Furthermore, the empirical Rademacher complexity defined as 
$$\hat{\mathcal{R}}_n(\mathcal{L})=\mathbb{E}_{\epsilon}\left[sup_{h\in \mathcal{H}}\frac{1}{n}\sum_{i=1,...,n}\epsilon_iL\circ h(Z_i)\right]$$
satisfies 
$\mathbb{E}\left[\hat{\mathcal{R}}_n(\mathcal{L})\right]=\mathcal{R}_n(\mathcal{L})$ and serves, therefore, as an approximate of the Rademacher complexity.

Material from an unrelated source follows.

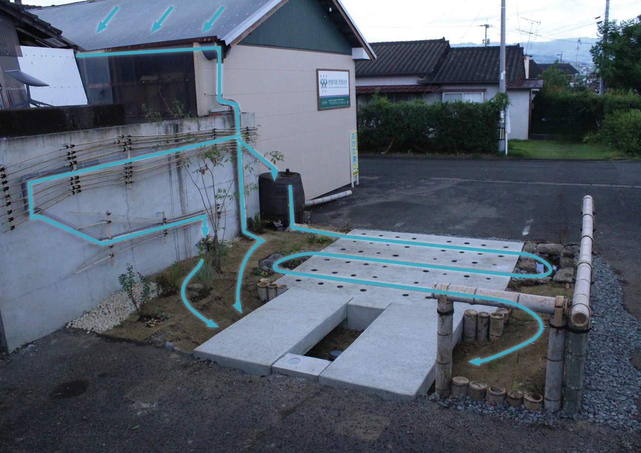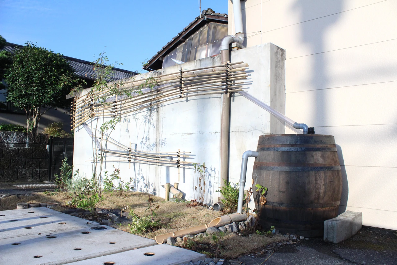 途中には、焼酎の樽を再利用した雨水タンクや、透明なパイプがあり、水の流れが見えるよう工夫されていて、竹で囲まれた水の道はまるで小さな川のよう。

## Import of required modules

In [None]:
import numpy as np
from modules.parametric_model import PenalizedLinearModel
import matplotlib.pyplot as plt
from ipywidgets import *

## Generating training data

We first generate some training data (i.e. sample the random variables $Z$) by defining
$$Z=(X,f(X)+\epsilon)$$
where $X$ is uniformly distributed on the interval $[0,1]$, $\epsilon\sim \mathcal{U}[-1/2,1/2]$ is a uniformly distributed noise (independent of $X$) and $f$ is the function defined below.

In [None]:
true_beta = 4
def linear_function(x):
    return true_beta*x

In [None]:
# training data (X,f(X)) with X uniform on [0,1]
def generate_training_data(number_samples: int):
    return [np.array([x, linear_function(x)+np.random.uniform(-1/2,1/2)]) for x in np.random.uniform(0, 1, number_samples)]

In [None]:
sample_size = 10
training_data = generate_training_data(sample_size)

## Hypothesis class: Ridge Regression

In this notebook we deal with Ridge regression, i.e. our hypothesis class looks as follows:
$$\mathcal{H}=\{x\mapsto \beta^Tx\colon ||\beta||_q\le M\}$$
for some real number $M$ and positive number $q$.

In the following we set 
$$q=2,M=3$$
but you are free to change the values.

In [None]:
q_of_q_norm = 2
M = 3
# Initialize ridge regression model
model = PenalizedLinearModel(
    training_data=training_data, maximum_beta=M, q_of_q_norm=q_of_q_norm)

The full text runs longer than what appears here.